Effective therapies for the treatment of cancer rely on the localized delivery of drugs. Targeted drugs attack the cancer while reducing the impact the drugs have on the rest of the body. A unique delivery peptide that can selectively target tumors in mice and translocate and release cargo molecules intracellularly based solely on the acid levels inherent to cancer cells is being investigated in the laboratory of Damien Thévenin.
Funded by the National Cancer Institute, Thévenin’s team investigates the efficacy of a pH-sensitive peptide to target and deliver the microtubule inhibitor monomethyl auristatin E (MMAE) to cancer cells and breast tumors. Many cancer targeting therapies intended to improve the effectiveness and diminishing off-target cytotoxic effects have been developed and hold the promise of being therapeutic options for certain types of cancers. However, preclinical and clinical studies found that therapy strategies based on the targeting of specific proteins is significantly hampered by tumor heterogeneity, which can promote tumor evolution, leading to the loss of cell surface proteins and, eventually, to therapy resistance and disease progression. Moreover, targeted cancer biomarkers tend to be overexpressed in a tumor-associated, not tumor-specific manner.
Acidity is a general hallmark of tumors.

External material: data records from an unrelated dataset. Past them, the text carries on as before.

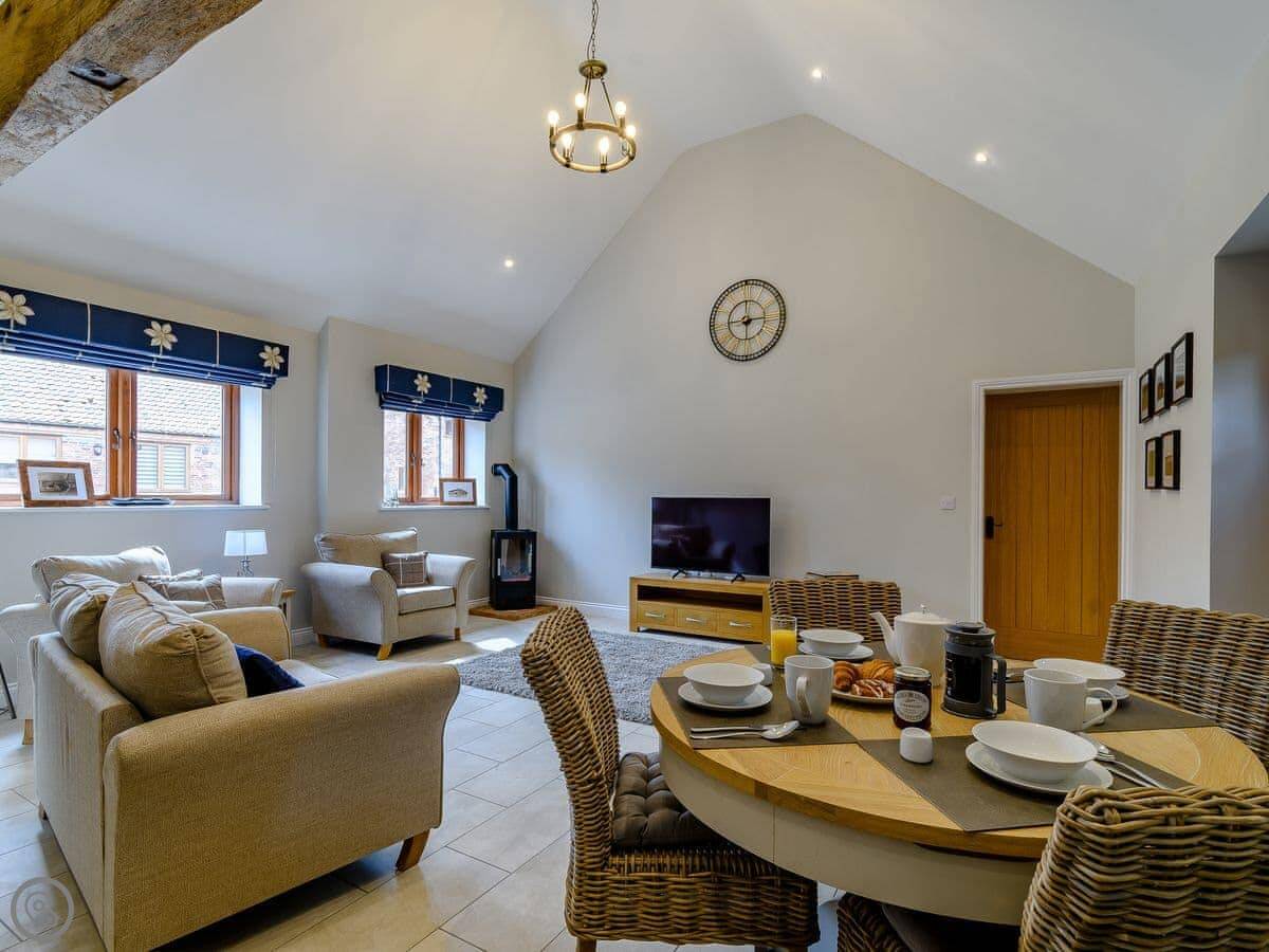 It's quiet here. You're on a working farm, so you'll see the fields but it's not noisy. There's a washing machine, dishwasher, Wi-Fi, and a smart TV so you can log into your own Netflix. Bedding and towels are included.
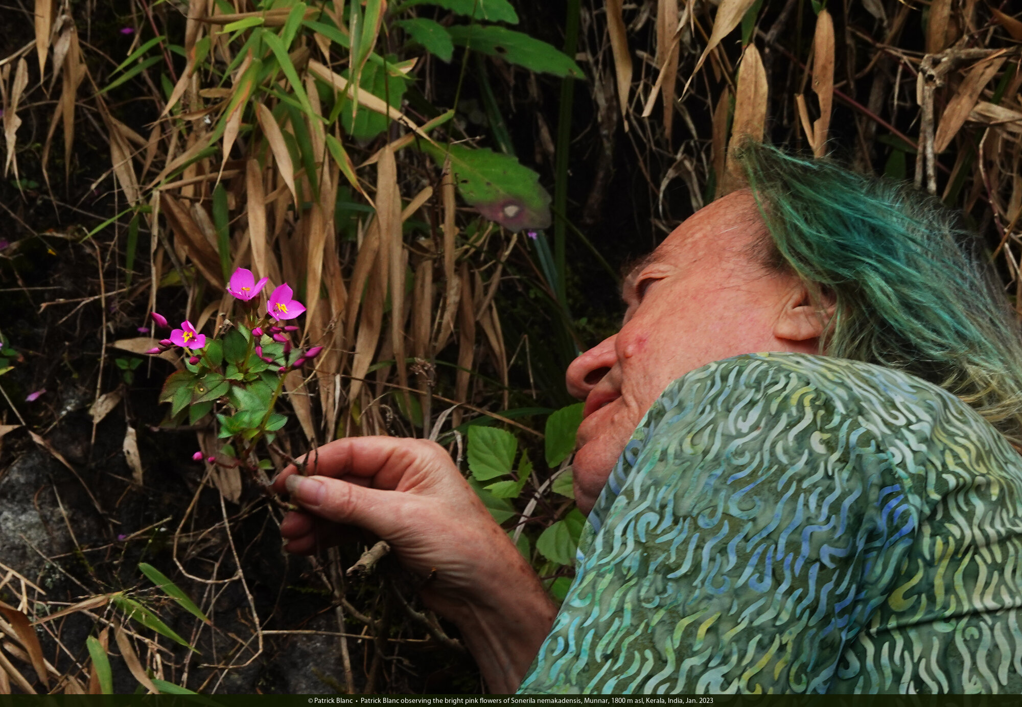 Patrick Blanc observing the bright pink flowers of Sonerila nemakadensis, Munnar, 1800 m asl, Kerala, India, Jan. 2023
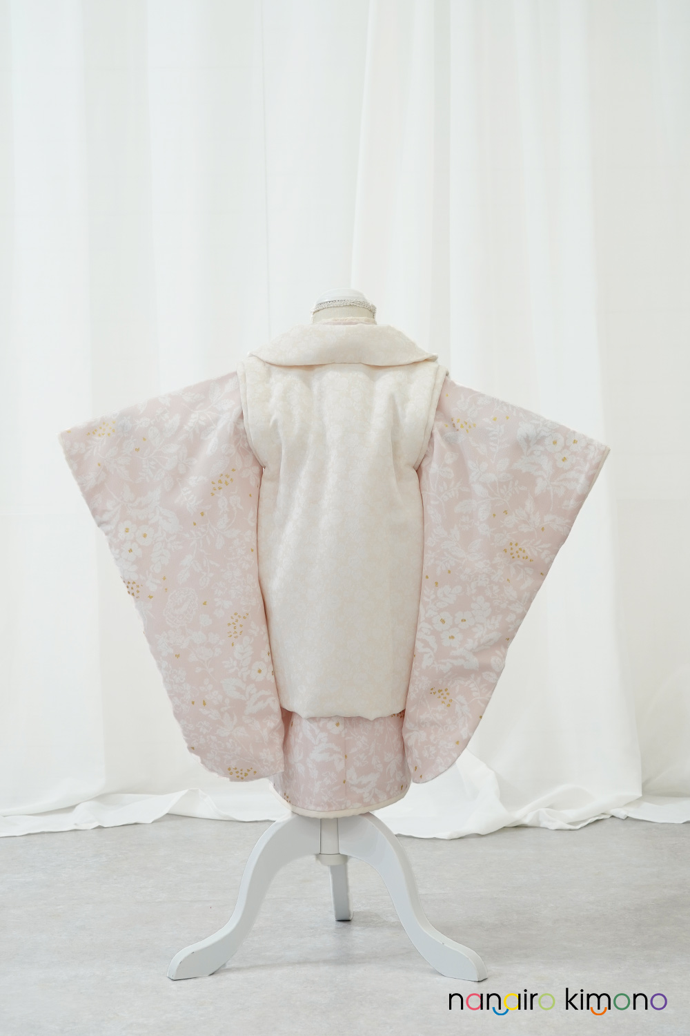 3歳女児・着物被布セットレンタル|白ピンク小花柄 G3-着物S001

While normal tissue pH is about 7.4, pH in tumors range from 5.5 to 7. Thévenin’s lab uses the pH (low) insertion peptide (pHLIP), a peptide that can selectively target tumors in mice solely based on their acidity rather than on any specific biomarker. pHLIP circulates in the blood supply until it anchors to the cell membrane of acidic tissues. Headed by graduate student Kelly Burns, their recent study has shown that pHLIP–MMAE combinations is very effective at killing a breast cancer cell line that is resistant to current targeted therapies in a concentration- and pH-dependent manner after only two hours of incubation without any apparent disruption of the plasma membrane.
Thévenin, assistant professor of chemistry, is collaborating with Matthew Robinson at Fox Chase Cancer Center. Using mice bred with a reduced immune system as a model, Fox Chase researchers insert breast cancer cells into the animals. After several weeks, a tumor develops and once it reaches 5 millimeters in size, the pHLIP-MMAE conjugate is injected intravenously. The study shows, for the first time, that pHLIP can effectively home the clinically relevant MMAE to tumor in animals.
These peptides can be used to target other types of cancers or conditions, says Thévenin. “We know that we can target metastases and viral infection in the lung, or even arthritis in the knee. Unlike other strategies that are developed to target few specific types of cancer, our approach is extremely simple and relies on a feature that is common to most solid tumors.”
“Right now, we are now trying to find a lead compound that we could move to preclinical trials. Since the publication of the pHLIP-MMAE study, we have found a pHLIP-drug combination 100-fold more effective than pHLIP-MMAE. We are extremely happy with these results but we want to do better.”